→ Exercise objective
From the data that follows, set down exactly the lines from the one with "Material ecológico: la" through the one with "袁少英老师在居住的广富林街道", counting both. Pictures stay out.

(Given data)

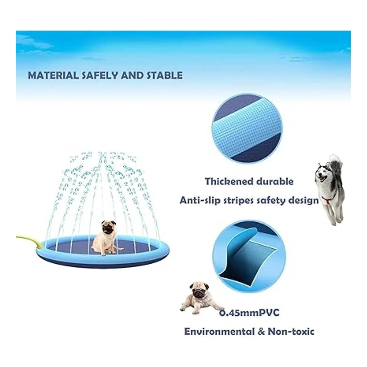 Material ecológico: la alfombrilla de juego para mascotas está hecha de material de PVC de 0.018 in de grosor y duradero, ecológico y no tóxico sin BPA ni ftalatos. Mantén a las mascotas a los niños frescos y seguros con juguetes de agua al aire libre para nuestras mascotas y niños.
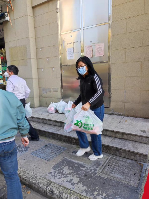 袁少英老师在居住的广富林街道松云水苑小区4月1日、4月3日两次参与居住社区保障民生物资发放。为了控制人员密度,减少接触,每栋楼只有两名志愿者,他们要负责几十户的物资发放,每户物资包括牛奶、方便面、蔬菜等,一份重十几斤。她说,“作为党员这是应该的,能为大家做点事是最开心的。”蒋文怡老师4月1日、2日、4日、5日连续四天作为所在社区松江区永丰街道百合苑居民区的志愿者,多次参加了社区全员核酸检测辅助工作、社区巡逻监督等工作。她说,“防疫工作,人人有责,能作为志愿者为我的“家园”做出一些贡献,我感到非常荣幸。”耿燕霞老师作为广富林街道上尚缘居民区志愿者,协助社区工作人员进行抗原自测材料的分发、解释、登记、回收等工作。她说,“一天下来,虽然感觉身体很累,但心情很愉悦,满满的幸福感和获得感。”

(End Given data)
(Given data)

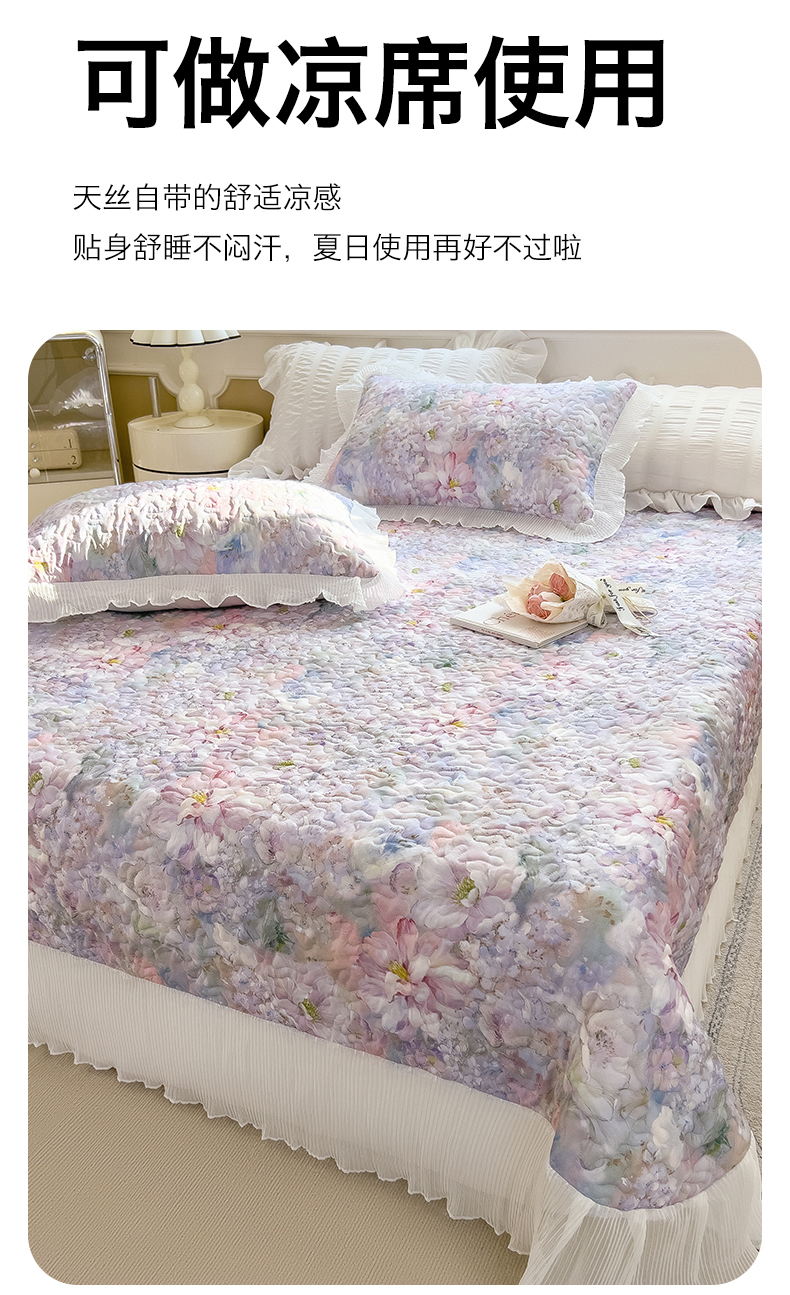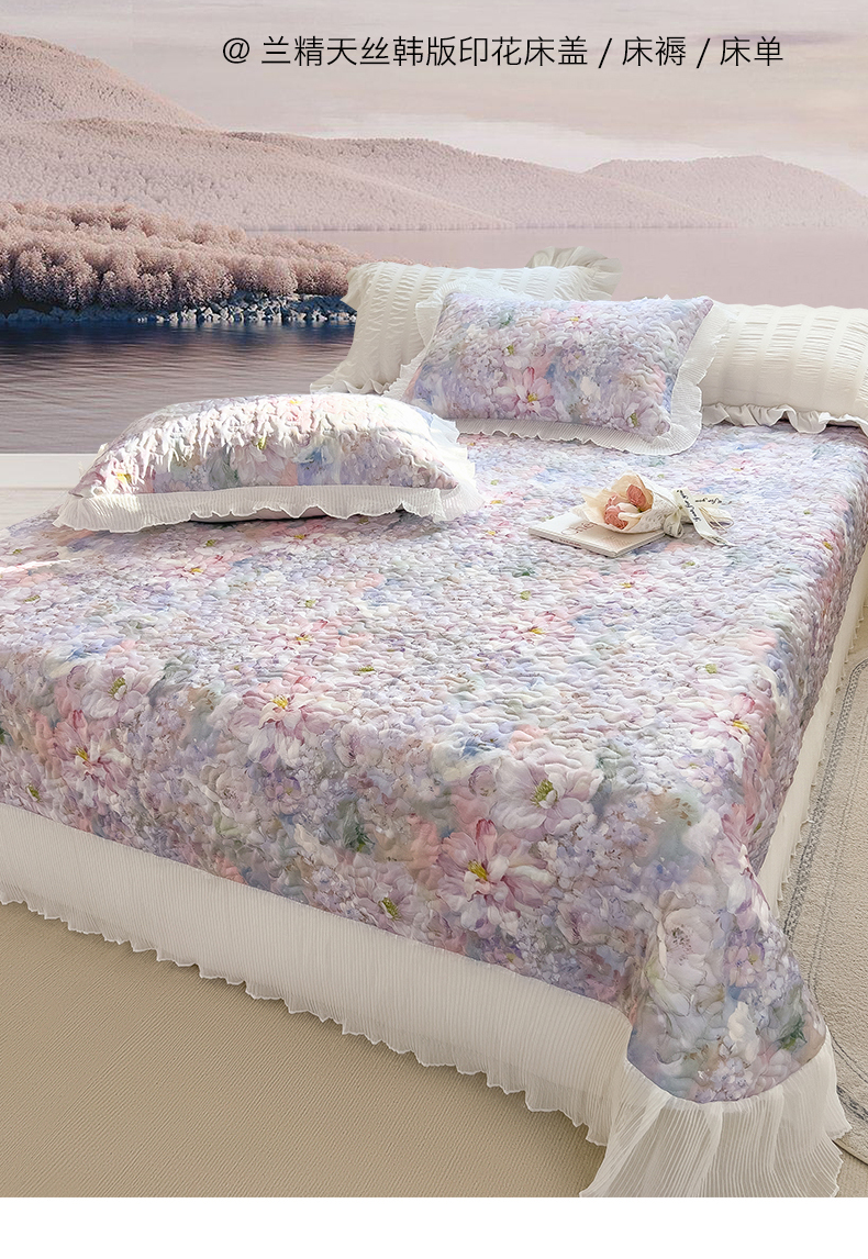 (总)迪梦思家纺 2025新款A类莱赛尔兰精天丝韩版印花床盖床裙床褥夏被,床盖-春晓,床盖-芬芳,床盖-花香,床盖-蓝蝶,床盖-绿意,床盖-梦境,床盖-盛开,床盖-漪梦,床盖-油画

(End Given data)

→ Output of the exercise
 Material ecológico: la alfombrilla de juego para mascotas está hecha de material de PVC de 0.018 in de grosor y duradero, ecológico y no tóxico sin BPA ni ftalatos. Mantén a las mascotas a los niños frescos y seguros con juguetes de agua al aire libre para nuestras mascotas y niños.
 袁少英老师在居住的广富林街道松云水苑小区4月1日、4月3日两次参与居住社区保障民生物资发放。为了控制人员密度,减少接触,每栋楼只有两名志愿者,他们要负责几十户的物资发放,每户物资包括牛奶、方便面、蔬菜等,一份重十几斤。她说,“作为党员这是应该的,能为大家做点事是最开心的。”蒋文怡老师4月1日、2日、4日、5日连续四天作为所在社区松江区永丰街道百合苑居民区的志愿者,多次参加了社区全员核酸检测辅助工作、社区巡逻监督等工作。她说,“防疫工作,人人有责,能作为志愿者为我的“家园”做出一些贡献,我感到非常荣幸。”耿燕霞老师作为广富林街道上尚缘居民区志愿者,协助社区工作人员进行抗原自测材料的分发、解释、登记、回收等工作。她说,“一天下来,虽然感觉身体很累,但心情很愉悦,满满的幸福感和获得感。”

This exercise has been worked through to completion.